Second, the expected squared estimation error is the average squared difference between each player’s predicted salary and the true mean pay on that player’s team, $\text{E}(Y\mid\vec{X})$. In the case of Mookie Betts, this is the difference between the prediction for Mookie Betts and the true mean salary on his team, the Dodgers. Estimation error corresponds to our error if our goal is to estimate the mean salary on each team, instead of predicting the salary for each individual.

Now suppose two prediction algorithms $\hat{f}_1$ and $\hat{f}_2$ have different performance. For example, maybe the first algorithm is a better predictor: $\text{ESPE}(\hat{f}_1) < \text{ESPE}(\hat{f}_2)$. Regardless of which algorithm is used, the within-group variance component of the decomposition is unchanged. Therefore, if algorithm 1 is the better predictor, then it must also be the better estimator: $\text{ESEE}(\hat{f}_1) < \text{ESEE}(\hat{f}_2)$.

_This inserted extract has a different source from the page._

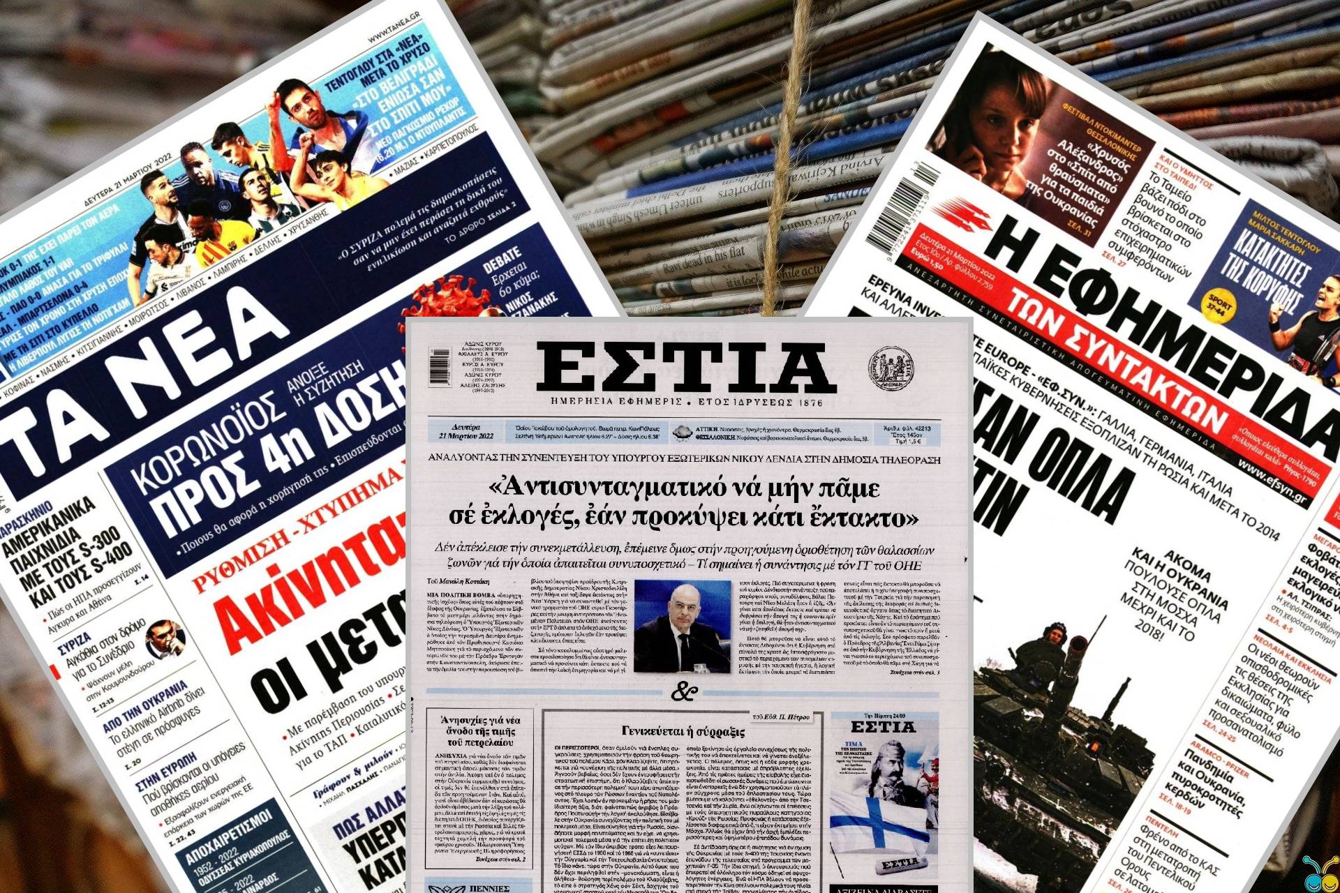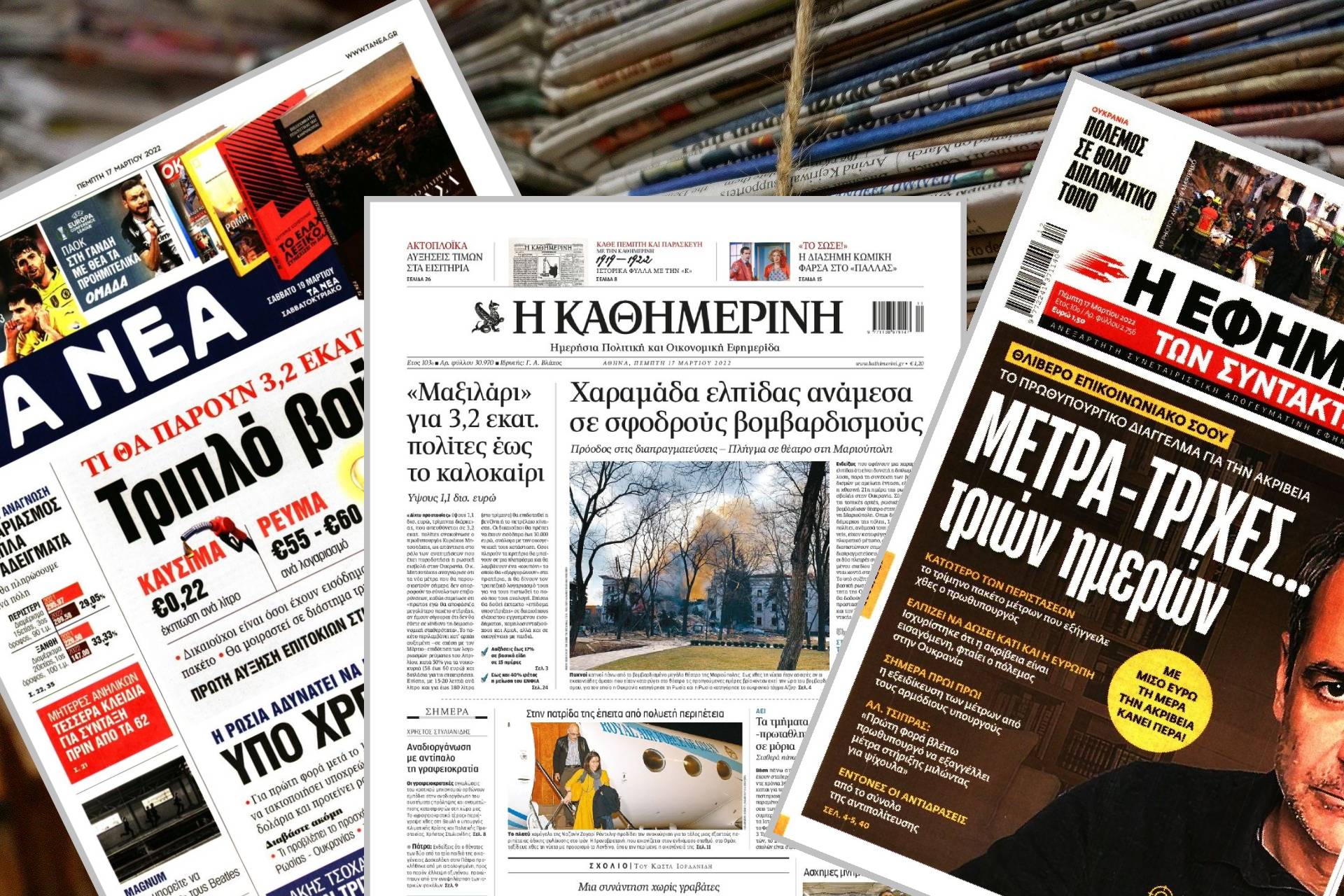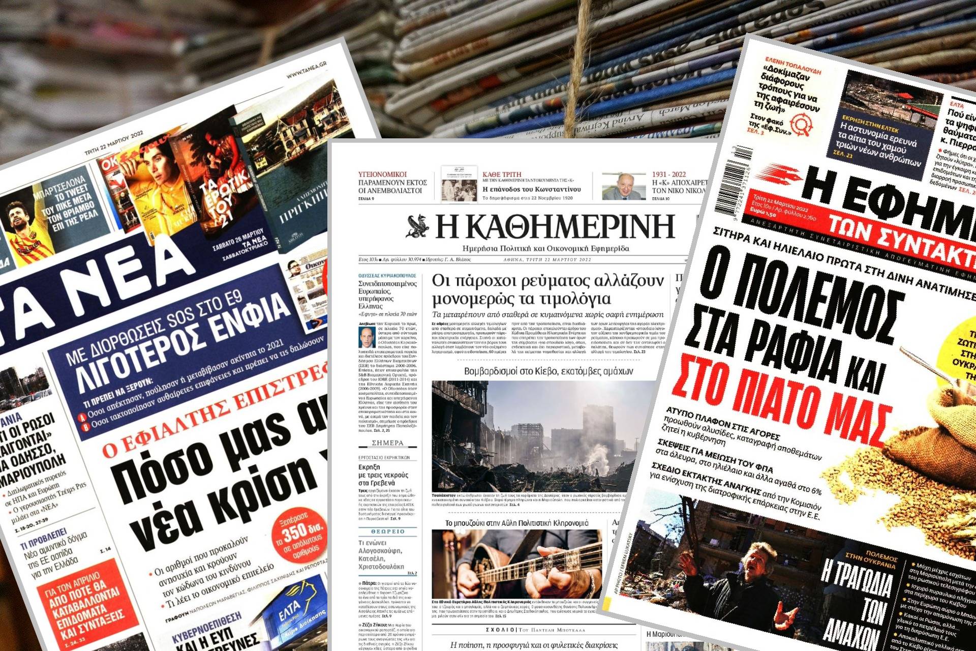 Διαβάστε τα πρωτοσέλιδα των εφημερίδων της Τρίτης 22 Μαρτίου

In fact, suppose an algorithm was omniscient and managed to predict the true conditional mean function for every observation, $\hat{f}_\text{Omniscient}(\vec{X}) = \text{E}(Y\mid\vec{X})$. Then estimation error would be zero for this function. Prediction error would equal the expected within-group variance. The best possible prediction function (with squared error loss) is the conditional mean. This is one intuitive reason why an algorithm with good predictive performance is also a good estimator.

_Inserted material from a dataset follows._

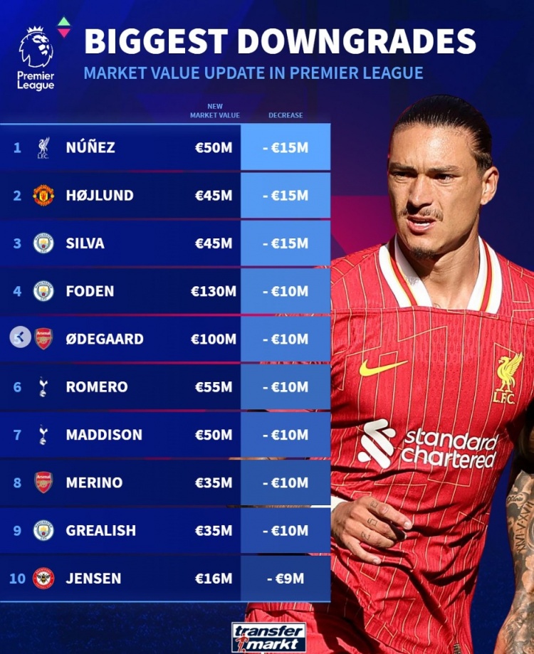 德轉(zhuǎn)列英超球員貶值榜:歐元

These facts motivate an idea for choosing an estimation function: to estimate conditional means well, choose the algorithm that minimizes squared prediction error.

Appendix to section. A proof of the decomposition is provided below, but the ideas above are more important than the details of the proof.

\[ \begin{aligned} \text{ESPE}(\hat{f}) &= \text{E}\left[\left(Y - \hat{f}(\vec{X})\right)^2\right] \\ &\text{Add zero} \\ &= \text{E}\left[\left(Y - \text{E}(Y\mid\vec{X}) + \text{E}(Y\mid\vec{X}) - \hat{f}(\vec{X})\right)^2\right] \\ &= \underbrace{ \text{E}\left[\left(Y - \text{E}(Y\mid\vec{X})\right) ^ 2\right] }_{=\text{E}[\text{V}(Y\mid\vec{X})]} + \underbrace{ \text{E}\left[\left(\text{E}(Y\mid\vec{X}) - \hat{f}(\vec{X})\right) ^ 2\right] }_{=\text{ESEE}(\hat{f})} \\ &\qquad + \underbrace{ 2\text{E}\left[\left(Y - \text{E}(Y\mid\vec{X})\right)\left(\text{E}(Y\mid\vec{X}) - \hat{f}(\vec{X})\right)\right] }_{\substack{=\text{Cov}[Y - \text{E}(Y\mid\vec{X}), E(Y\mid\vec{X} - \hat{f}(\vec{X}))]=0\\\text{covariance of within-group error and estimation error,}\\\text{equals zero if the test case }Y\text{ is not used to learn }\hat{f}}} \\ &= \text{ESEE}(\hat{f}) + \text{E}\left[\text{V}(Y\mid\vec{X})\right] \end{aligned} \]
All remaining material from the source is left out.